Category Archives: squid recipes

Stuffed Squid with Amber Lager


I know that squid divides people, but I can honestly say I’m firmly in rooted the ‘obsessed with it’ camp. Whether it’s enjoying it tenderly stewed for hours on a Greek Island, or flinging some on the barbecue for an altogether more exciting option to burgers and sausages, Squid is a massively evocative food; sunshine, opulence and something new. Here’s something that we did a few weeks ago – by no means original, but if its flavour you’re after – look no further. Simplicity itself.
Firstly, you need to make a quick, basic Paella or Pilaf – if you have none to use as leftover (like we had). Risotto will work too. Anyway – This quick recipe will fill four moderately-sized squid. In a large pan, gently fry one onion and four (yep, four) cloves of Garlic until golden in a generous slug of Olive oil. Remove the garlic, and add one chopped red or green pepper. Again, sweat down until soft. To this, add chopped Chorizo and a little chopped chicken or prawns. I’ve not mentioned quantities because it’s up to you – but do get at least two meats in there. When that lovely red-hued fat has leached from the Chorizo, add about 3 cups or rice – risotto (Aborio) rice will do if you like but its not essential – and coat with all the ingredients. Then slowly add chicken stock and stir until the rice has absorbed it all and is cooked. Season with a little black pepper, and some fresh Oregano, and leave to cool .
At this point, you should clean your Squid. It’s easy – just pull off the head, and most of the insides will follow. Get your fingers in there and remove the plastic-looking sheath known as the Quill, and then run under cold water and scrape all the remaining innards out. Rinse again, and you have your squid tube ready to go.
Pre-heat a griddle pan to hot, and then simply stuff the Squid with your rice. Seal the ends with a cocktail stick , brush sparsely with Olive oil, and then lay on the griddle pan to cook. Turn once – they’ll need about three minutes on each side – and you’re ready to go. Serve with a crisp, fresh salad.

I enjoyed these ones with a couple of bottles of chilled Dos Equis. Although your instinct may be to go for a lager, summer ale or even a crisp Wheat beer, I find that something with a large dollop of Crystal Malt really brings out the sweetness in Squid. In the past, I’ve enjoyed Brooklyn Lager, Sam Adams Boston Lager, and good ol’ Anchor Steam with grilled squid.

>Chilli Squid Stew


It recently occurred to me that although I love to eat Squid, I very rarely do anything other than toss those rings in flour mixed with pepper and Paprika, and then throw them in some hot, hot oil – Greek Style, if you will.
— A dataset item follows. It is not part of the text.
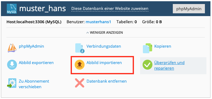 Datenbank, indem Sie auf „Abbild importieren“ klicken:

And although, on a hot summer’s day with a cold Peroni to wash them down, this does the trick, I bullied myself into doing something different with my tentacle friends. This is what I came up with – basic, yes, but very tasty. The stew simply accentuates the sweetness of the squid; this would be excellent as part o a Tapas selection.

To make two Tapas-Size portions –
6 Small or 1 Large Squid
Tomatoes –about 4 large vine-ripened ones, or about 15 ‘Cherry’ ones
2 fresh chillies
1 large red pepper – (I used preserved ones for extra sweetness)
Good Olive Oil
2 large cloves of garlic
Salt, Pepper, and 1 tsp of Sugar
A Garlic Bread, Flatbread or Tomato bread to accompany.

1. Make a basic Tomato Sauce – Chop all of your tomatoes and add to warm olive oil. Add you peppers also. Season, including the sugar, and stir in a little tomato puree if needed. Leave to simmer for about five minutes, and then add your chopped garlic and chilli. Simmer gently for anywhere from ten minutes to an hour (I’m sure you know what you like).
2. Prepare and wash your squid. Keep the tentacles, and cut the tubes (bodies) into strips. You should get about five per Squid.
3. Once you are happy with the Sauce, and your breads are warmed nicely, throw in your chopped squid. They should need no more than seven or eight minutes – once cooked, they will be white and curled round.
4. Serve with your breads for scooping!

As you can see, this is about as simple as you can get. I washed this down with the last of the summers Rose wine, and added extra Tabasco once on the table for extra bite; or you could add as much fresh chilli as you need. The key to this is knowing what kind of basic tomato sauce you like, and perfecting it. I have left out onions, as I didn’t want too much going on here, but feel free to adapt this sauce any way you want. It’s not rocket science – it’s just good cooking.